What you will do: Output the data below only from the line containing "今回は山武市にある管理釣り場" up to and including the line containing "Nadaje pojazdowi dynamiczny", exact and with the pictures left out.

(Stored entries)

┄┄┄┄┄┄

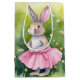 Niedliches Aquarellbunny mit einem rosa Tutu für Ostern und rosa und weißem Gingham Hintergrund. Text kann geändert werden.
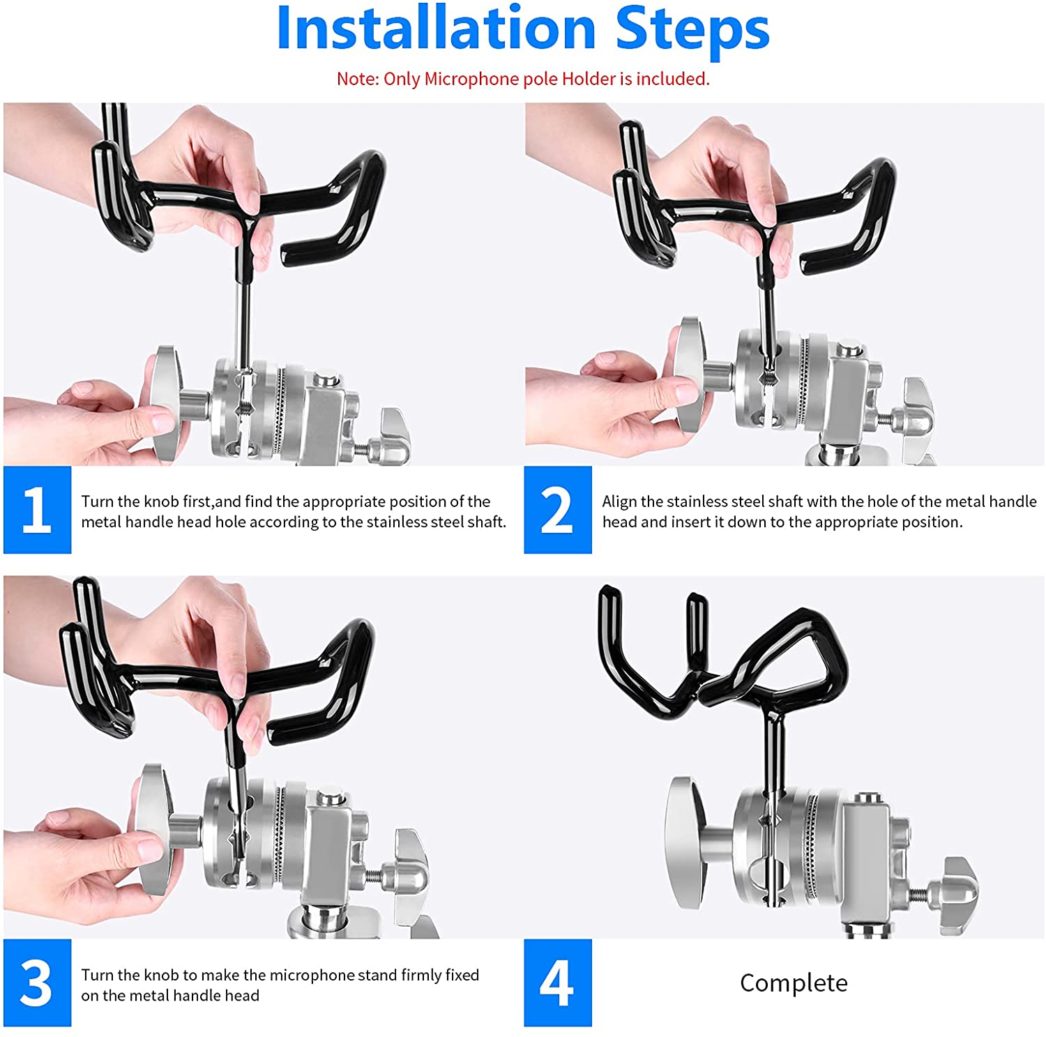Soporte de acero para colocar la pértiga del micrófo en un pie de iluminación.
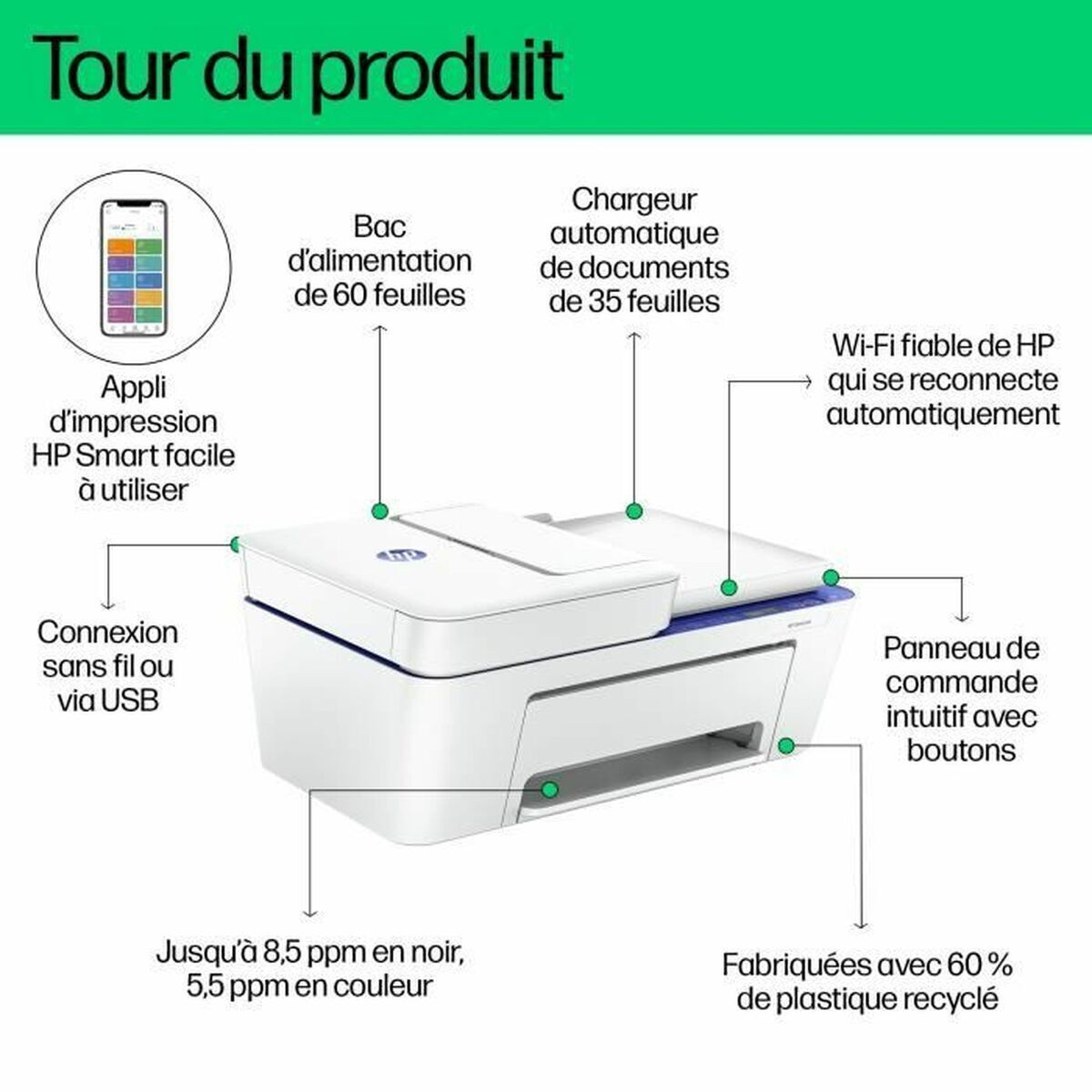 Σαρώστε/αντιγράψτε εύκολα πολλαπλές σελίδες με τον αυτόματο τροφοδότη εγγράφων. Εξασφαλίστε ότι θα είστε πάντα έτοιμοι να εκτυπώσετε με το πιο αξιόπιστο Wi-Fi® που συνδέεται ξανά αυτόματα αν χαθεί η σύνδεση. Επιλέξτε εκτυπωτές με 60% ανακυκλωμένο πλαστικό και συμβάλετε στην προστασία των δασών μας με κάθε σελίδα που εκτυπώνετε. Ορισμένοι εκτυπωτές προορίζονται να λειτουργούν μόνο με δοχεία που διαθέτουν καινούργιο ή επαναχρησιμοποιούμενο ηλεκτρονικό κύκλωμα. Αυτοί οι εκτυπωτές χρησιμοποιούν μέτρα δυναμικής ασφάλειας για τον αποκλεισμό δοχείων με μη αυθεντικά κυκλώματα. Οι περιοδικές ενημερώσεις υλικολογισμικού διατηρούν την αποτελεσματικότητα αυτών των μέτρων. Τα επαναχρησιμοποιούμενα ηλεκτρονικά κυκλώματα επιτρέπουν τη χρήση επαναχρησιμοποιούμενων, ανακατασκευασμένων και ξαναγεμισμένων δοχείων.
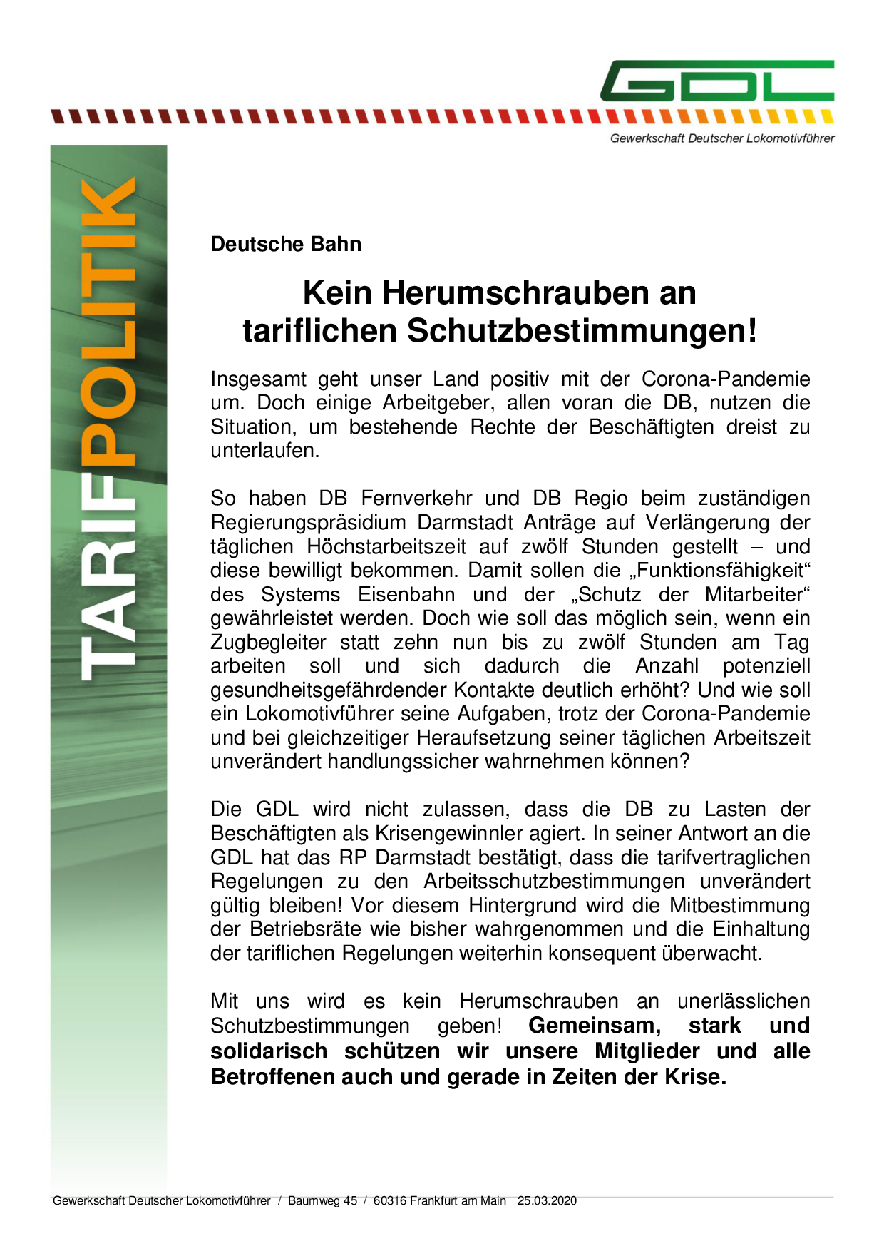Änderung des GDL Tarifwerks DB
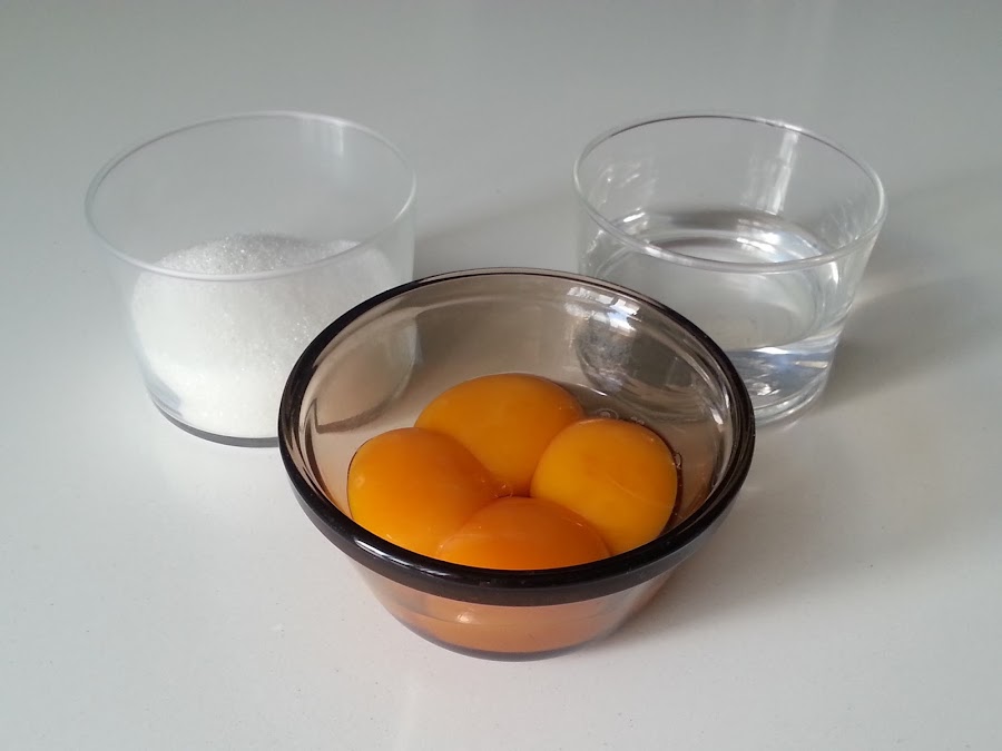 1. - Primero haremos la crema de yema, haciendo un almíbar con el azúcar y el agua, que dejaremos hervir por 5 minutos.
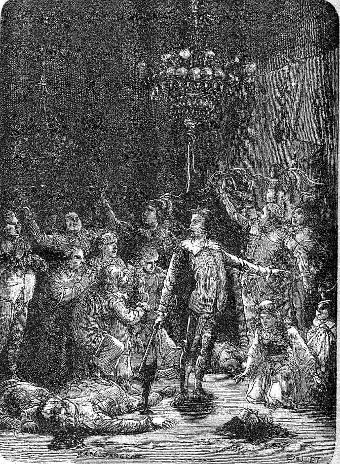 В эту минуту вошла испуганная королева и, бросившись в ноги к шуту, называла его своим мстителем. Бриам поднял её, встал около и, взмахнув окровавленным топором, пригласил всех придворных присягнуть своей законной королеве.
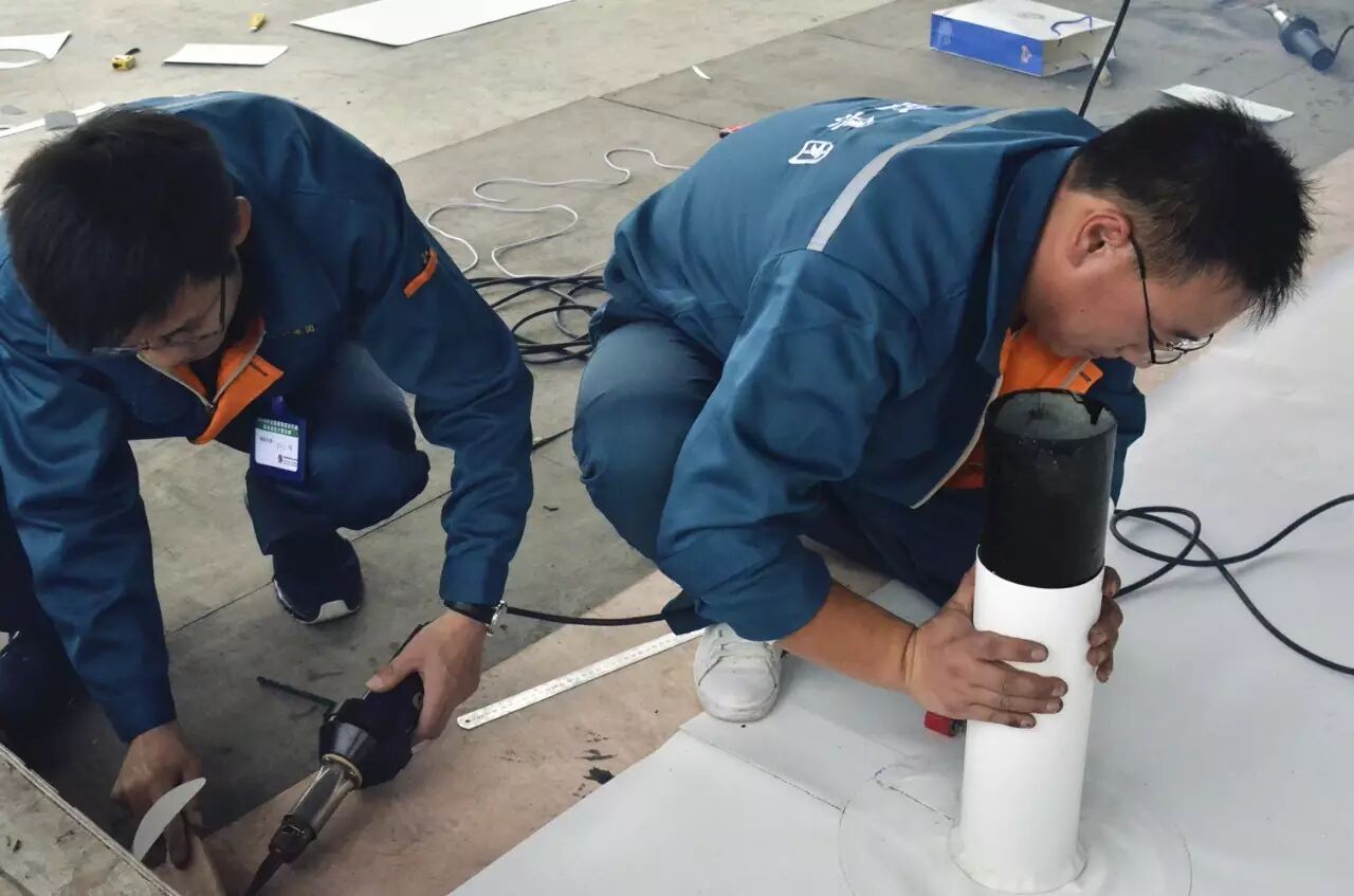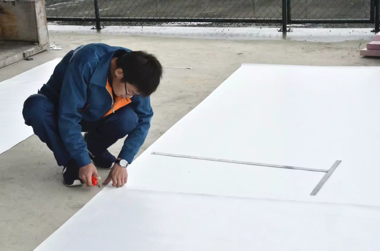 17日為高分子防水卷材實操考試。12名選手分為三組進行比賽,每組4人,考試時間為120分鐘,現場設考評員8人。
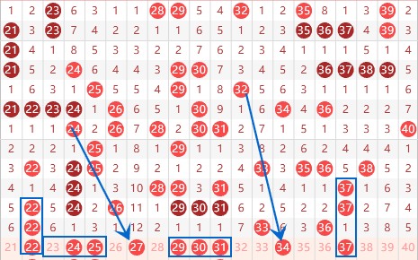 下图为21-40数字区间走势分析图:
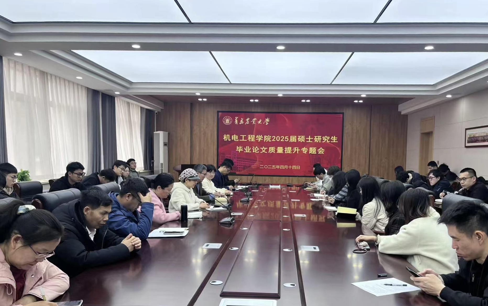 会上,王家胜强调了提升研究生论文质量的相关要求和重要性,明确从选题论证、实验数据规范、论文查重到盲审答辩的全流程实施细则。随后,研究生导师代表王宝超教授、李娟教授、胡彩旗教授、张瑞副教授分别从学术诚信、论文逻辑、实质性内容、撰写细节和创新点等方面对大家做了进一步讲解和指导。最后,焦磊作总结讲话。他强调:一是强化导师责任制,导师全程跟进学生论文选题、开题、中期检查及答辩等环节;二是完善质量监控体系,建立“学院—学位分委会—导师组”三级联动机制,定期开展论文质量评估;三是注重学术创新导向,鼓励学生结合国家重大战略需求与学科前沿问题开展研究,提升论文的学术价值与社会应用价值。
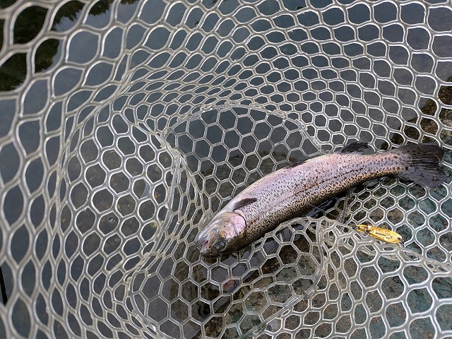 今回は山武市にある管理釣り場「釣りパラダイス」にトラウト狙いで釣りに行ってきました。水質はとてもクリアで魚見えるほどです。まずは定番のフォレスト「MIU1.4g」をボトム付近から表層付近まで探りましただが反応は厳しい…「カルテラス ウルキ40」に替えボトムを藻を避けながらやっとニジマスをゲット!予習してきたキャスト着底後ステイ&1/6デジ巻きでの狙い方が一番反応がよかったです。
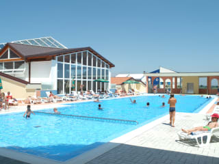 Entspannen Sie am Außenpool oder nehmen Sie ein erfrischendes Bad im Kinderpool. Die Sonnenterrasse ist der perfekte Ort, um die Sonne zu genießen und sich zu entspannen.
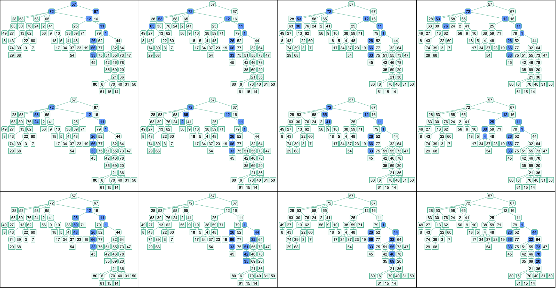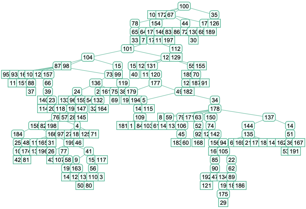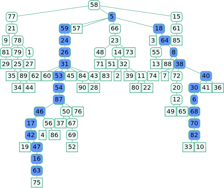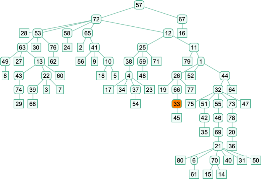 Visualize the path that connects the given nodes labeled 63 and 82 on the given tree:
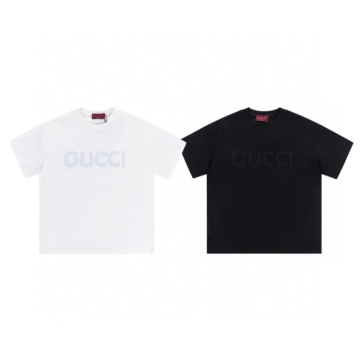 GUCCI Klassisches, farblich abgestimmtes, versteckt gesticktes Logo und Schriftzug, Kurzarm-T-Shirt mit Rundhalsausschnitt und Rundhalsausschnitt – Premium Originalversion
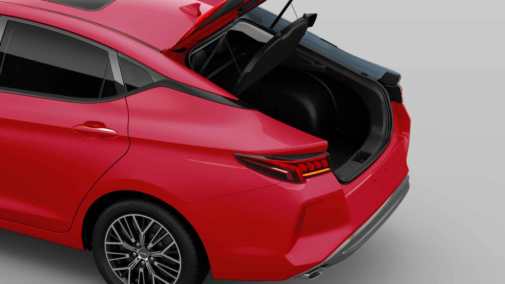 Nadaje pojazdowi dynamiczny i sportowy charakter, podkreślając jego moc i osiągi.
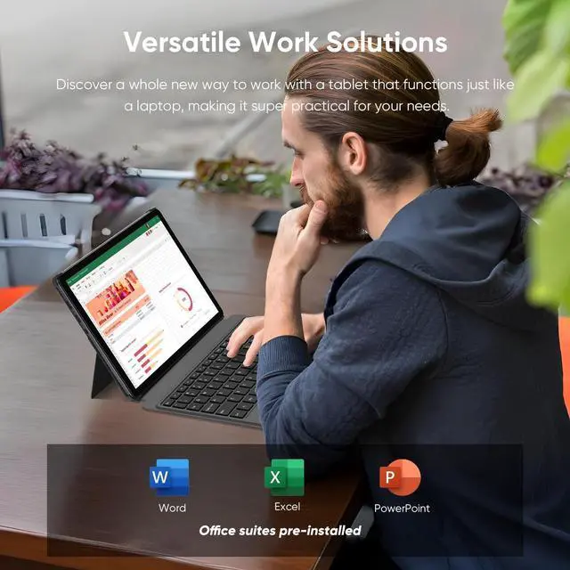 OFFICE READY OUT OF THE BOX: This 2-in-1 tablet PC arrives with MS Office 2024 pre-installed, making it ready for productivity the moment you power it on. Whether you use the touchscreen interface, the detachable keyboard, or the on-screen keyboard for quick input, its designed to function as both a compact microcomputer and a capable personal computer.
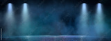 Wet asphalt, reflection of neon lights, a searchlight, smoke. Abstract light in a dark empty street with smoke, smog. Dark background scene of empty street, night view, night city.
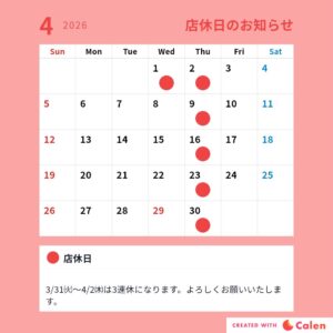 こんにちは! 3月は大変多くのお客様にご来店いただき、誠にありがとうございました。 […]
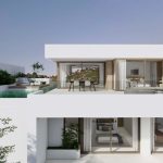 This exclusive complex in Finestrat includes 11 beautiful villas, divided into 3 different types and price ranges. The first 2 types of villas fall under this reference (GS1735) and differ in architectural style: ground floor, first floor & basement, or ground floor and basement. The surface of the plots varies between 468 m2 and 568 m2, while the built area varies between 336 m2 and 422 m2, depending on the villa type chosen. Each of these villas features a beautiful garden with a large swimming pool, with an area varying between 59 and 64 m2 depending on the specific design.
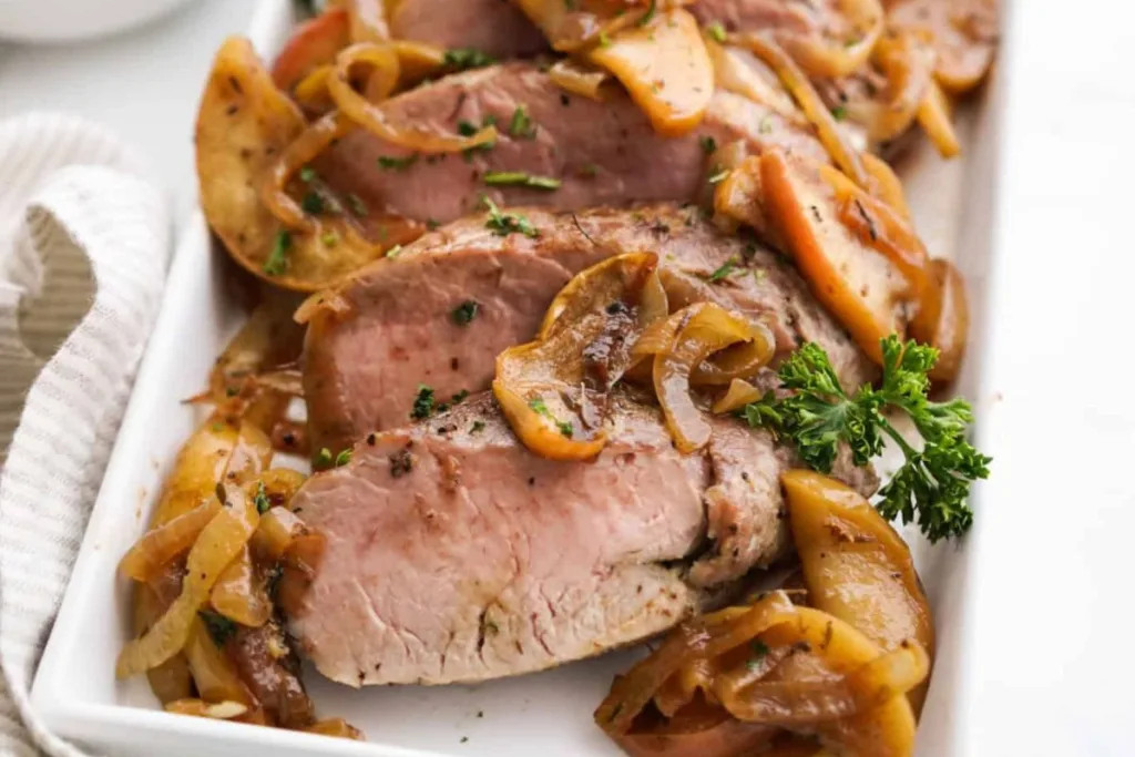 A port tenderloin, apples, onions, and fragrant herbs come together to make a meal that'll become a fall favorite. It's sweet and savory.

┄┄┄┄┄┄

Response for this exercise:
 今回は山武市にある管理釣り場「釣りパラダイス」にトラウト狙いで釣りに行ってきました。水質はとてもクリアで魚見えるほどです。まずは定番のフォレスト「MIU1.4g」をボトム付近から表層付近まで探りましただが反応は厳しい…「カルテラス ウルキ40」に替えボトムを藻を避けながらやっとニジマスをゲット!予習してきたキャスト着底後ステイ&1/6デジ巻きでの狙い方が一番反応がよかったです。
 Entspannen Sie am Außenpool oder nehmen Sie ein erfrischendes Bad im Kinderpool. Die Sonnenterrasse ist der perfekte Ort, um die Sonne zu genießen und sich zu entspannen.
 Visualize the path that connects the given nodes labeled 63 and 82 on the given tree:
 GUCCI Klassisches, farblich abgestimmtes, versteckt gesticktes Logo und Schriftzug, Kurzarm-T-Shirt mit Rundhalsausschnitt und Rundhalsausschnitt – Premium Originalversion
 Nadaje pojazdowi dynamiczny i sportowy charakter, podkreślając jego moc i osiągi.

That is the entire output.